Further, in this embodiment, since the spacing pin 232 is formed at the corner of the rectangular lens 228, the lens 22 is formed.
8 does not adversely affect the performance. In this embodiment, four spacing pins 232 are formed at the four corners of the lens 228, but the number of spacing pins 232 can be three.
Further, in this embodiment, the spacing pin 2 is provided on both surfaces of the lens 228.
Although 32 is formed, when two lenses are held, they may be formed on one side.

Further, in this embodiment, the shape of the lens used in the finder section has been described, but the taking lens used in the zoom lens apparatus may be formed in the same shape as the lens in the finder section. good.

[0028]

As described above, according to the lens shape of the camera of the present invention, the cylindrical pin formed at the corner of the lens is formed at the corner of the rectangular lens adjacent to this lens. Since the lens interval can be maintained at a predetermined interval by abutting against the receiving part formed of the flat part, the number of parts can be reduced and the lens frame can be easily assembled.

[Brief description of drawings]

FIG. 1 is a perspective view of a camera-integrated VTR to which a lens shape of a camera according to the present invention is applied.

FIG. 2 is a perspective view of a camera unit to which a lens shape of a camera according to the present invention is applied.

FIG. 3 is a front view of the zoom lens device and the viewfinder section taken along line 3-3 in FIG.

4 is a cross-sectional view of a zoom lens device and a finder portion taken along line 4-4 in FIG.

FIG. 5 is an assembled perspective view of the zoom lens device including a first moving frame.

FIG. 6 is an assembled perspective view including a second moving frame of the zoom lens device.

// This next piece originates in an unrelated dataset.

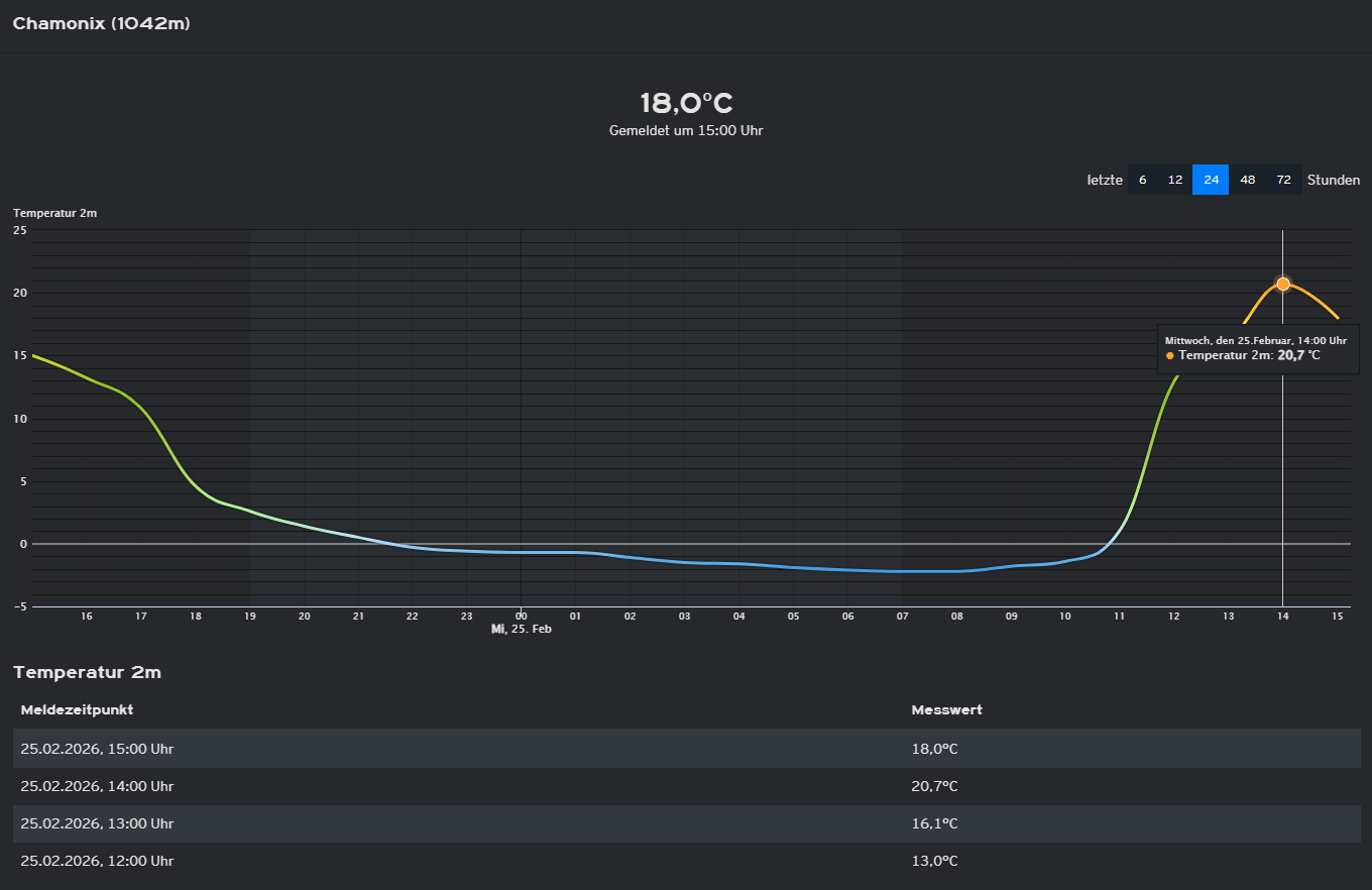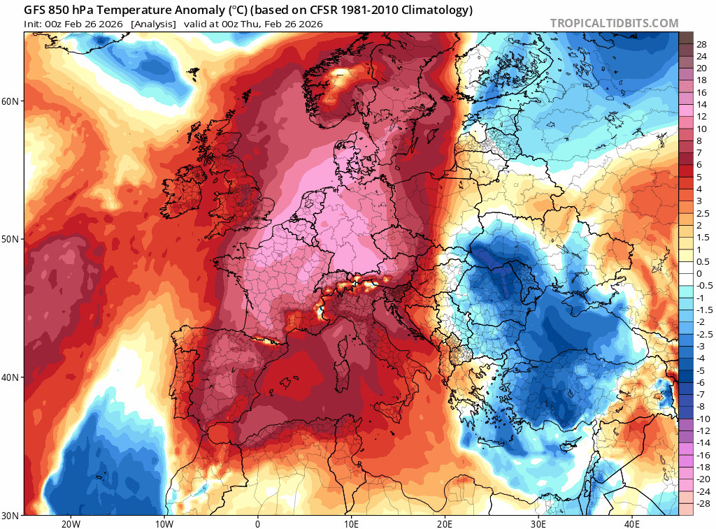 Sieht so aus ... satte Wärme aus Südwesten. Flächenweite Temperaturrekorde gestern in Frankreich ... in Charmonix fast +21 GradNicolai hat geschrieben: 26.02.2026 - 08:42 ...und die warmen Temperaturen scheinen sich in den Modellen zu zementieren...zumindest mal bis Ende nächster Woche.

FIG. 7 is an assembly perspective view of a finder section to which the lens shape of the camera according to the present invention is applied.

FIG. 8 is a front view of a concave lens to which the lens shape of the camera according to the present invention is applied.

9 is a sectional view taken along line 9-9 in FIG.

10 is a sectional view taken along line 10-10 in FIG.

FIG. 11 is a front view of a convex lens to which the lens shape of the camera according to the present invention is applied.

12 is a sectional view taken along line 12-12 in FIG.

13 is a sectional view taken along line 13-13 in FIG.

[Explanation of symbols]

 10 ... Camera integrated VTR 16 ... Zoom lens device 24 ... First moving frame 28 ... Second moving frame 32 ... Side cam barrel 200 ... Finder section 202 ... Finder body 210 ... Front moving frame 212 ... Rear moving frame 224, 226, 228 , 230 ... Lens 232 ... Spacing pin 228A, 230A ... Receiving part

Claims (1)

[Claims] 1. A plurality of columnar pins are formed in a corner of a rectangular lens in the optical axis direction of the lens, and a receiving portion composed of a flat portion is formed in a corner of the rectangular lens adjacent to the lens. Then
A lens shape of a camera, characterized in that the pin is brought into contact with a receiving portion of an adjacent lens to hold a lens interval at a predetermined interval.